EXERCISE INPUTS:
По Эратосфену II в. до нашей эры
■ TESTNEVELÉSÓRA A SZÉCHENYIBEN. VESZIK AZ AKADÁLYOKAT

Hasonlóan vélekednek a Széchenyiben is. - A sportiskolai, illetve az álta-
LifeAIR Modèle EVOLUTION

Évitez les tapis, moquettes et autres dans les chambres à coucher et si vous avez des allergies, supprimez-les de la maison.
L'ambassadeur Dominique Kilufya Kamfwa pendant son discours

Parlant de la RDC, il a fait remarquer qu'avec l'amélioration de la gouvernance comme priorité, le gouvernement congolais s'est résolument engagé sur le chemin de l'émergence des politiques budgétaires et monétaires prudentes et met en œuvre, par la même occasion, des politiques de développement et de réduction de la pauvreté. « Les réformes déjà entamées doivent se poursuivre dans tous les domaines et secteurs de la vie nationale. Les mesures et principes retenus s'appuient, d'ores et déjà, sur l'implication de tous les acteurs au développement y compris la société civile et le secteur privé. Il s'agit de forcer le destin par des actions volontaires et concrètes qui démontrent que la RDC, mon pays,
---
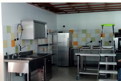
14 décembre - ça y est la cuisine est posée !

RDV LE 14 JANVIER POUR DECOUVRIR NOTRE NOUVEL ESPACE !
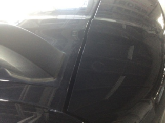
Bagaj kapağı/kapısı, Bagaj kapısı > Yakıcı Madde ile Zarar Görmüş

WHAT YOU SHOULD DO:
When the line with "По Эратосфену II в. до нашей эры" is reached in the data above, start copying there, and copy each line exactly until the line with "L'ambassadeur Dominique Kilufya" has been copied; copy nothing else.

SOLVED EXERCISE:
По Эратосфену II в. до нашей эры
■ TESTNEVELÉSÓRA A SZÉCHENYIBEN. VESZIK AZ AKADÁLYOKAT

Hasonlóan vélekednek a Széchenyiben is. - A sportiskolai, illetve az álta-
LifeAIR Modèle EVOLUTION

Évitez les tapis, moquettes et autres dans les chambres à coucher et si vous avez des allergies, supprimez-les de la maison.
L'ambassadeur Dominique Kilufya Kamfwa pendant son discours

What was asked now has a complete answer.